I’m in deep shit! I’m screwed!

3. J’sus dans marde!

When you’re up shit’s creek, t’es dans marde. The expression is être dans la marde, but you’ll hear it said as être dans marde, without la. It’s an informal contraction where la gets swallowed up by dans.

J’sus sounds like chu. It means the same thing as je suis, but chu is an informal pronunciation of it. Another informal pronunciation you’ll hear is j’suis, which sounds like chui.

In another scene from La Galère (season 2, episode 2), Stéphanie is angry because she’s let herself get hurt again by her boyfriend. She uses the informal j’sus when she says:

J’sus cave, j’sus cave, ostie, j’sus cave.
I’m so stupid, so stupid, fuck, I’m so stupid.

4. Cave

Un cave is an idiot. Olivier from Les Parent (season 3, episode 19) says:

Prenez-moi pas pour un cave!
I’m not stupid, you know!
(Don’t take me for an idiot!)

He used the vous form because he was speaking to more than one person. If we convert it to the tu form, it becomes prends-moi pas pour un cave!

5. Prends-moi pas

This form is an informal usage. According to the rules of standard written French, it would have to be ne me prends pas. During conversations, you’re very likely to hear it said as prends-moi pas instead.

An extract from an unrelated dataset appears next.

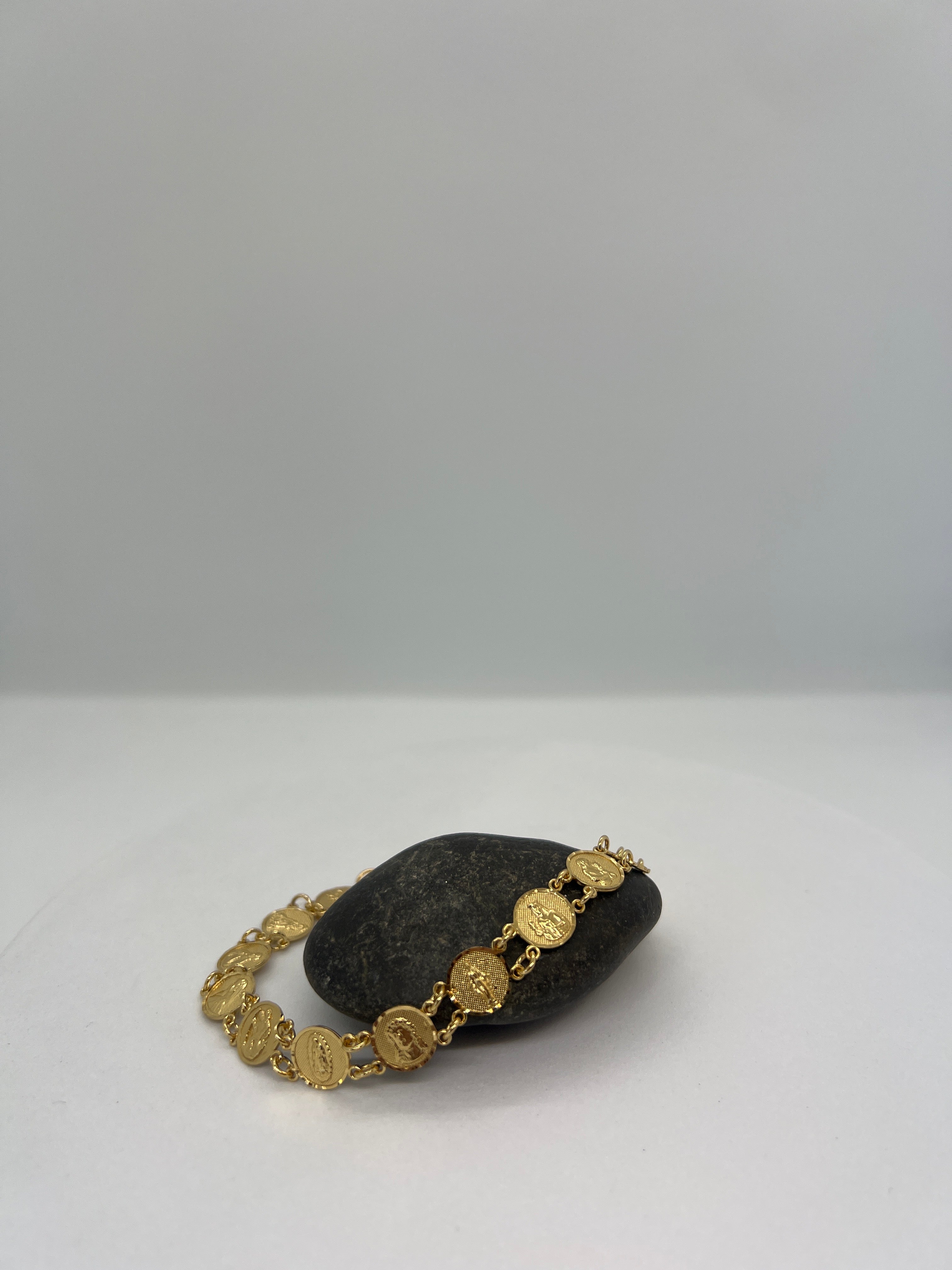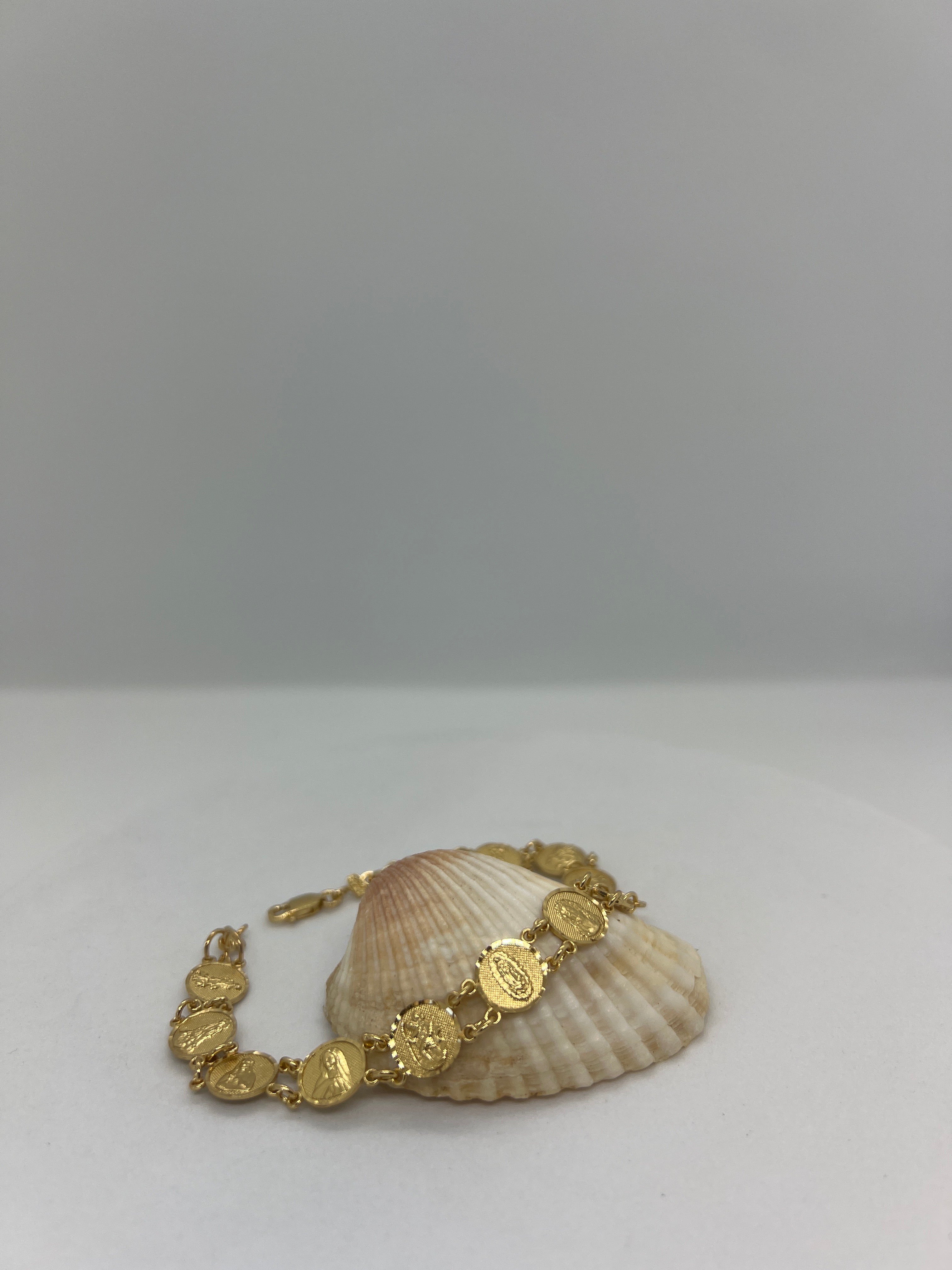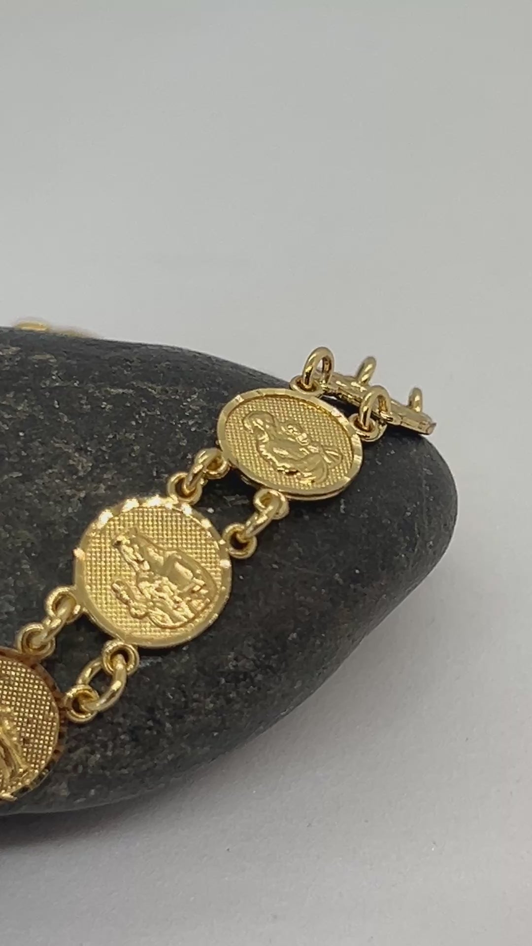 This sterling silver bracelet, plated with yellow gold, combines lasting durability with a luminous finish. Adjustable between 7 and 9 inches, it accommodates a wide range of wrist sizes comfortably. Featuring intricately crafted saint motifs, this bracelet offers both a refined aesthetic and a profound expression of faith, making it ideal for daily wear or special occasions. Style # SB4464

Here’s another example of this with the verb toucher.

1. touche-moi
2. touche-moi pas
3. ne me touche pas

(1) is the affirmative form. (2) is an informal spoken form in the negative. (3) is the standard written form in the negative.

Below is an example from the web using touche-moi pas. And just to take us full-circle back to number 1 of this list, it also uses the verb puer as part of the expression puer la sueur, similar to puer la marde.

Tu pues la sueur dès huit heures le matin.
Touche-moi pas!

You stink of sweat as early as 8 o’clock in the morning.
Don’t touch me!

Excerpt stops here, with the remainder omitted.